WHAT NEEDS TO BE DONE —
Leaving all pictures out, output exactly and only the line containing "Gerber Organic Primeiros" and the lines that follow it to the end of the material below.

EXCERPTED DATA —
*****
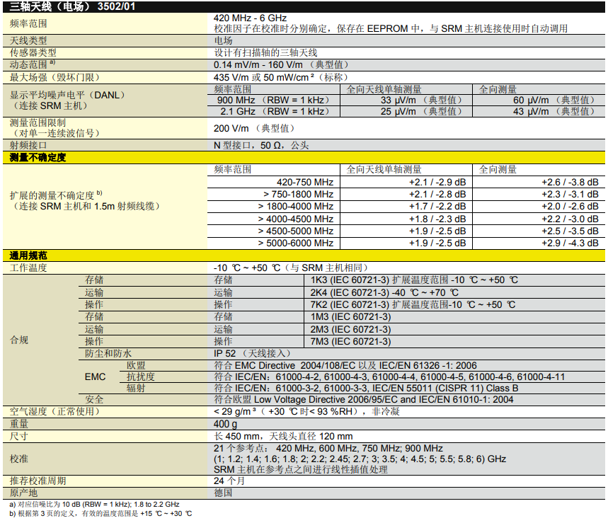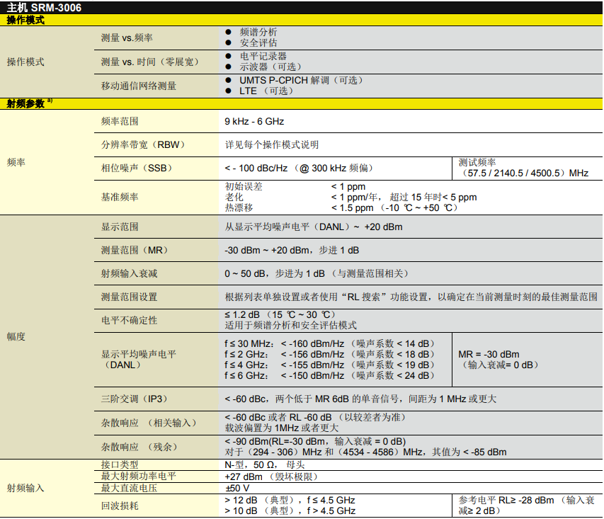 德國(guó)Narda SRM3006選頻電磁輻射分析儀產(chǎn)品技術(shù)規(guī)格:?
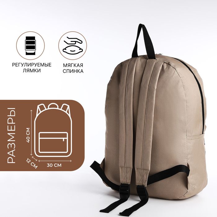 Рюкзак школьный на молнии, с карманом, бежевый — Характеристики
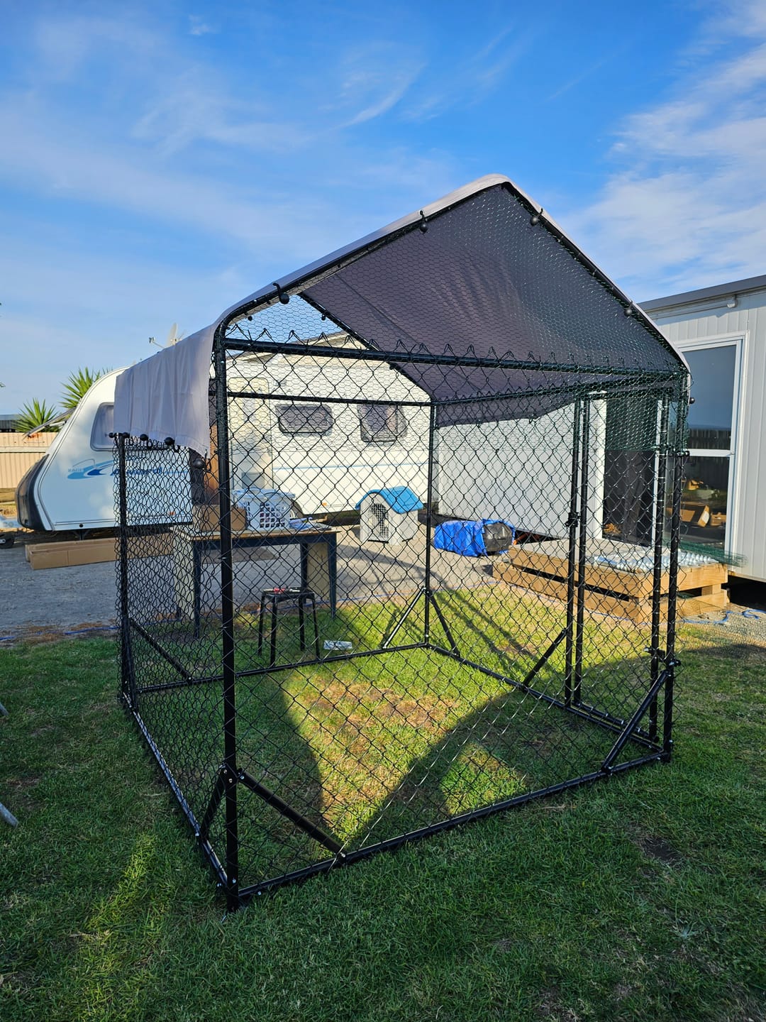 - Height should be at least 1.8 m to prevent jumping out; adding a roof improves security and weather protection. Our product stands at 2.3 m high, providing extra safety and comfort for dogs of all sizes.
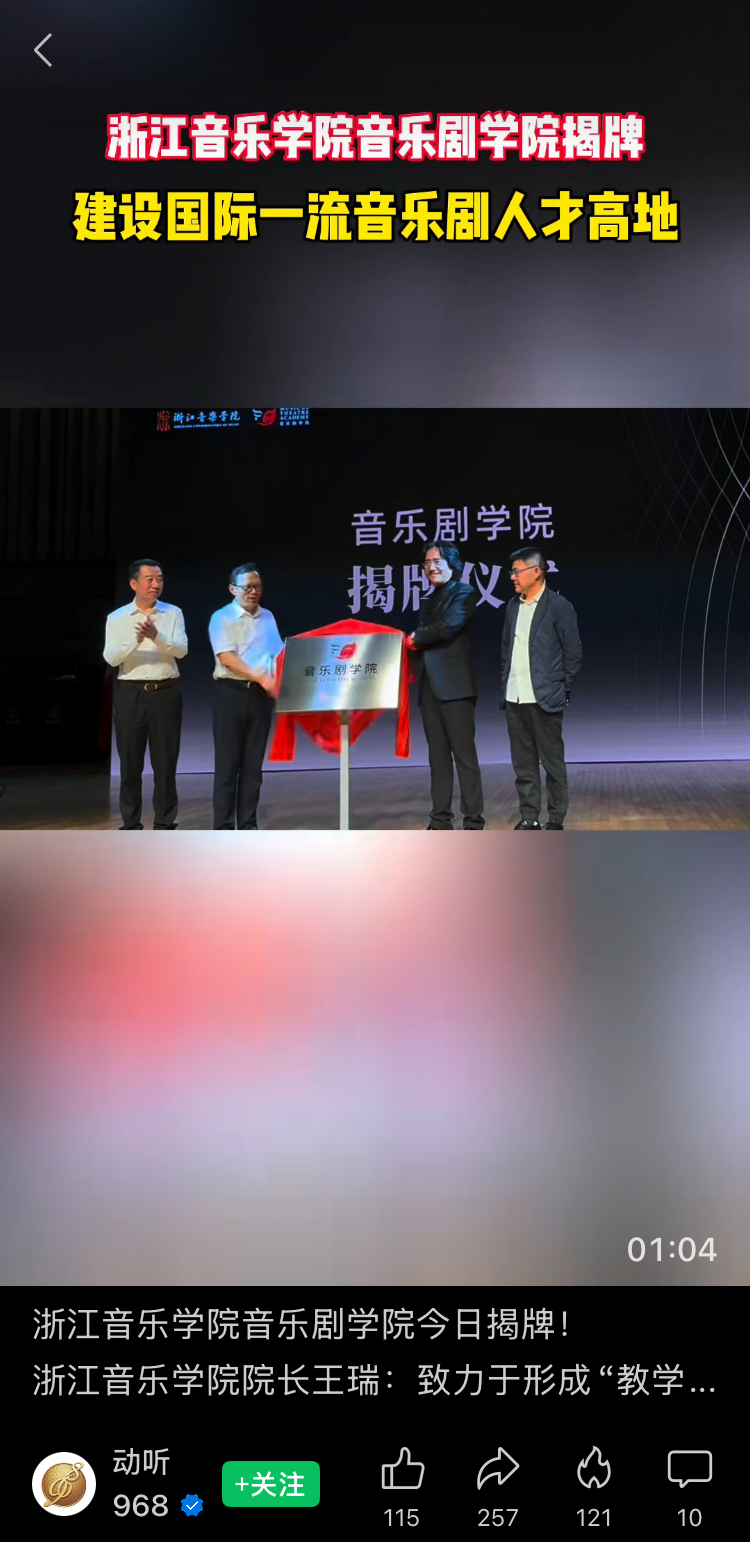 動聽968: 浙江音樂學院音樂劇學院今日揭牌! 浙江音樂學院院長王瑞:致力于形成“教學、創(chuàng)作、演出、研究、產(chǎn)業(yè)”五位一體的新型發(fā)展模式,建設國際一流音樂劇人才高地。#浙江音樂學院 #音樂劇學院
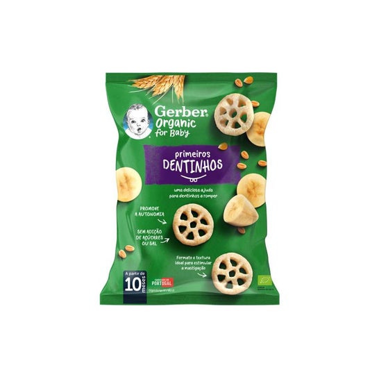 Gerber Organic Primeiros Dentinhos +10M 28g é um snack biológico projetado para favorecer a autonomia dos mais pequenos, ao mesmo tempo que oferece um delicioso apoio durante a etapa de erupção dental.
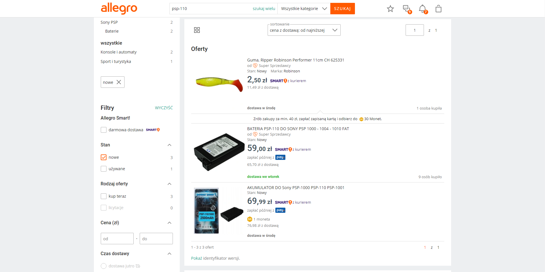Zabrałem się więc za poszukiwanie nowej baterii — pierwszym sprawdzonym przeze mnie miejscem było nasze ojczyste Allegro. Tutaj o dziwo (pomijając gumową rybę) mamy tylko dwie oferty.
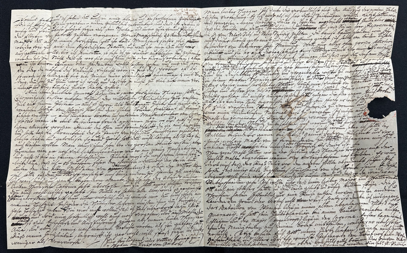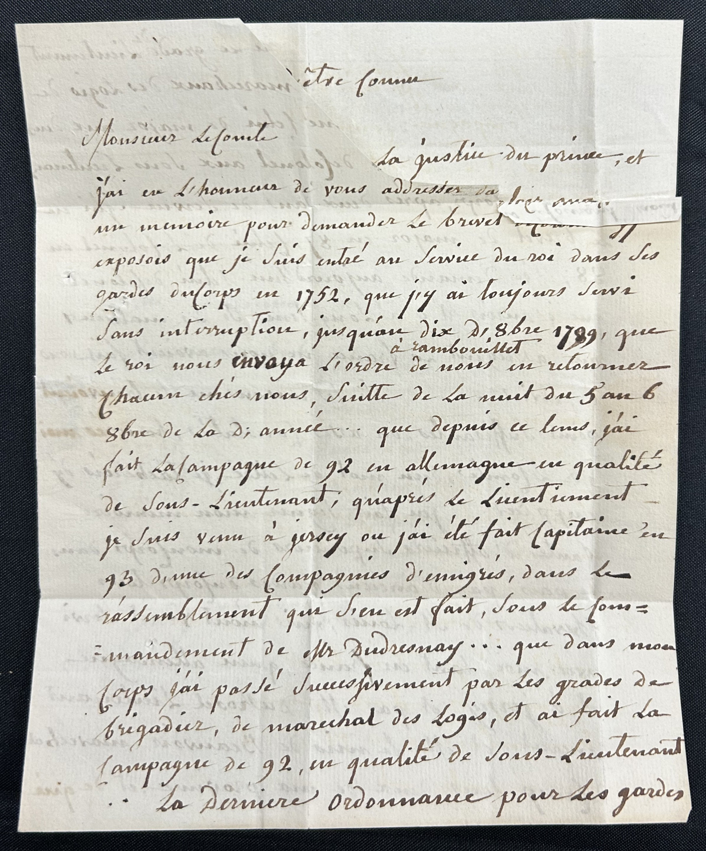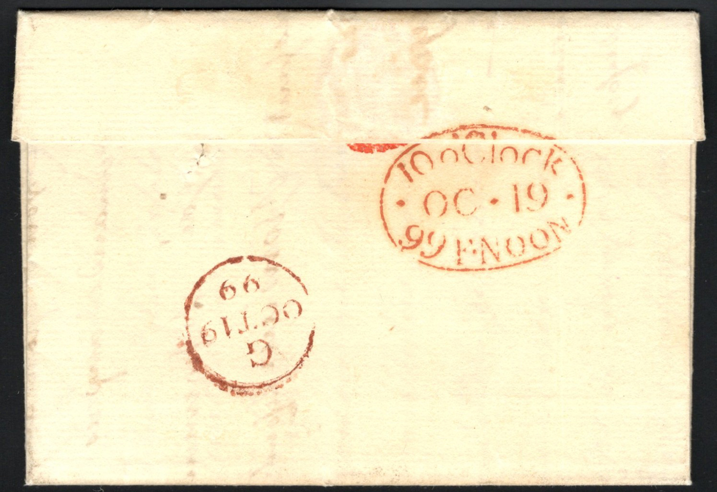1305 CVR   image1799 Folded Letter Jersey to London, England, 3-page letter inside (in French) is dated "15 octobre 1799", with straight line "JERSEY" despatch handstamp (used 1797-1810) and OCT 19 / 99 circular GPO receiver in dark red, alongside an oval "10 oClock / 99. F. Noon / OC 19" handstamp in red. In the letter, the writer is asking to be promoted to Colonel, due to his many years of continuous service to the King ("since 1852, up until the King told us all to go back home" and continues to describe his years of service, including the "German campaign in 92" (Scan 1) (Scan 2) (Scan 3) (All Scans)
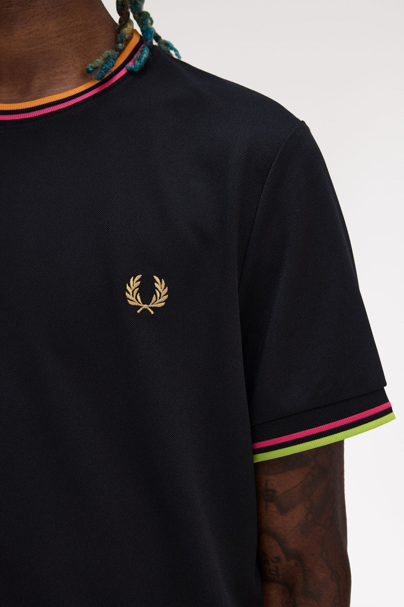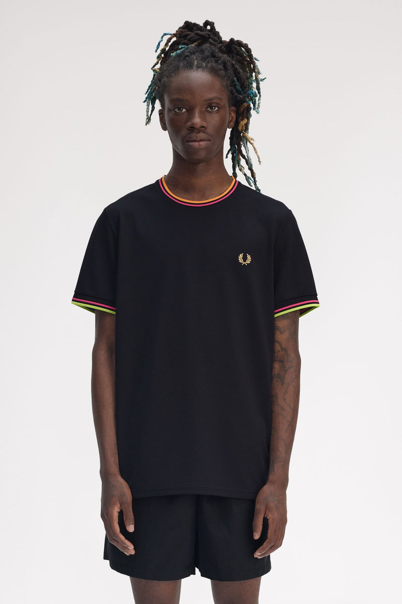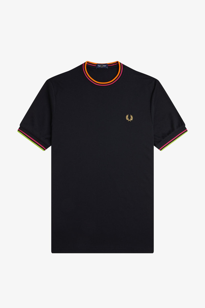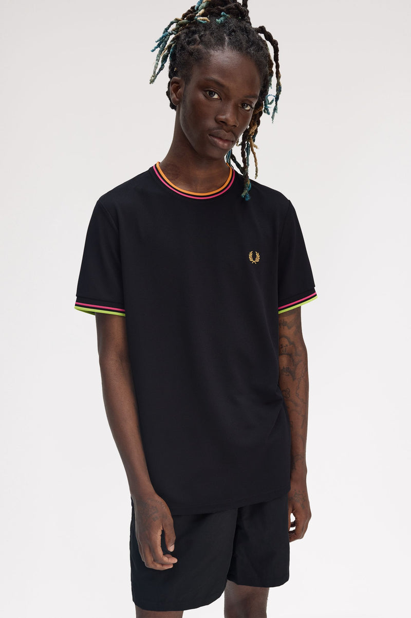 A crew neck T-shirt with twin tipping to the collar and cuffs.
*****
RESPONSE TO THIS TASK —
 Gerber Organic Primeiros Dentinhos +10M 28g é um snack biológico projetado para favorecer a autonomia dos mais pequenos, ao mesmo tempo que oferece um delicioso apoio durante a etapa de erupção dental.
Zabrałem się więc za poszukiwanie nowej baterii — pierwszym sprawdzonym przeze mnie miejscem było nasze ojczyste Allegro. Tutaj o dziwo (pomijając gumową rybę) mamy tylko dwie oferty.
1305 CVR   image1799 Folded Letter Jersey to London, England, 3-page letter inside (in French) is dated "15 octobre 1799", with straight line "JERSEY" despatch handstamp (used 1797-1810) and OCT 19 / 99 circular GPO receiver in dark red, alongside an oval "10 oClock / 99. F. Noon / OC 19" handstamp in red. In the letter, the writer is asking to be promoted to Colonel, due to his many years of continuous service to the King ("since 1852, up until the King told us all to go back home" and continues to describe his years of service, including the "German campaign in 92" (Scan 1) (Scan 2) (Scan 3) (All Scans)
 A crew neck T-shirt with twin tipping to the collar and cuffs.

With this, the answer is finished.